Ticks every check_interval_seconds. For each cert: read the install backend's current_cert_pem, parse notAfter, compare to renew_threshold_days, queue a renewal if due. A per-cert failure cooldown prevents a flaky CA from getting hammered every tick.

In a cluster, the scheduler's sweep is gated on cluster.is_leader(). Followers skip silently; the leader keeps doing the work.

Audit store

Every renewal opens a row, appends step events, and closes with a status. Two backends:

  • SqliteAuditStore (default). Single-file SQLite, no external service. Good for single-node deployments.
  • SurrealAuditStore. Connects to an existing SurrealDB. Required for cluster federation: the lock and cert distribution rows live in the same database.

Cluster

When cluster.enabled = true and audit is SurrealDB, the daemon runs a SurrealClusterCoordinator that holds a lock at cluster_lock:singleton with a TTL refresh.

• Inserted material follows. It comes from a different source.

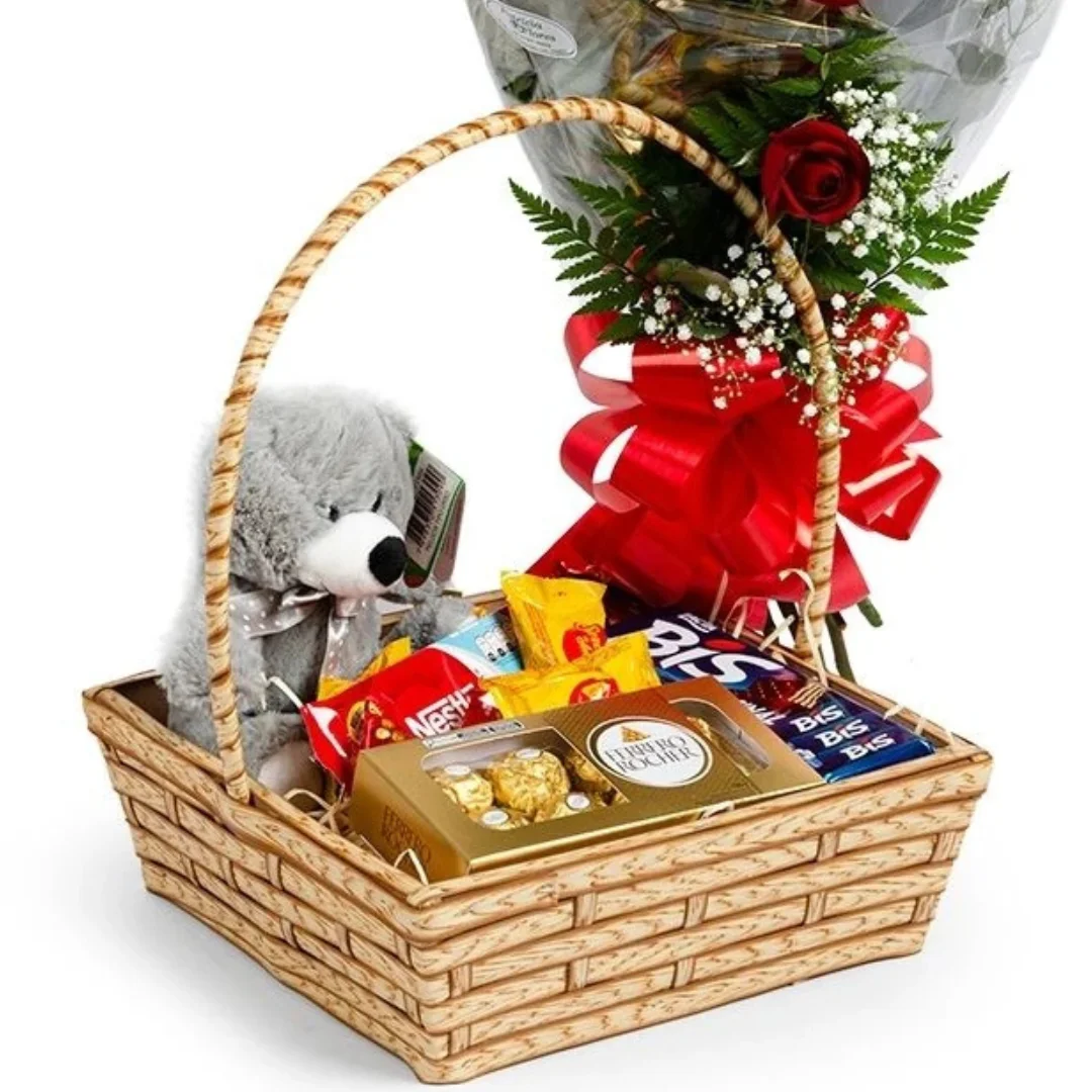 Cesta de chocolates. Material da cesta: fibra sintética.

The leader's renewer pipeline writes successful issuances to issued_cert rows. An InstallSyncTask on every node polls the table and runs the local install backend with the operator-pre-provisioned private key when the audit cert is fresher than what's installed locally. Private keys are never distributed through the audit store.

See the federation runbook for the operator-side walkthrough.

Backends

What ships today, what's coming, and the design choices behind each.

CA backends

Namecheap (traditional reissue)

kind: namecheap with ssl_id: <numeric SSL id>. Uses Namecheap's namecheap.ssl.reissue and namecheap.ssl.getInfo flow. Activation is one-shot: rota only handles reissue within an existing SSL subscription. First-time activation requires a long list of admin-contact fields rota does not model in the config. Operators activate once by hand in the Namecheap dashboard; rota handles every renewal after that.

DNS-01 only. The Namecheap reissue API folds every SAN under one DCV record, so rota's multi-challenge trait sees a single-element vec.

ACME (RFC 8555)

kind: acme. Speaks Let's Encrypt, ZeroSSL (with External Account Binding), BuyPass, and any directory that follows the spec. Uses the instant-acme crate.

rota manages its own persistent ECDSA key per cert because operators rely on key continuity for cert pinning. The ACME submit path uses finalize_csr(csr_der) so the operator's key stays canonical across renewals.

The ACME backend walks the configured DCV solver's supported_kinds() to pick a challenge type per authorization. So dcv: { kind: webroot } automatically gets HTTP-01; dcv: { kind: cloudflare } automatically gets DNS-01.

DCV backends

Namecheap DNS

kind: namecheap. DNS-01 via namecheap.domains.dns.{getHosts,setHosts}.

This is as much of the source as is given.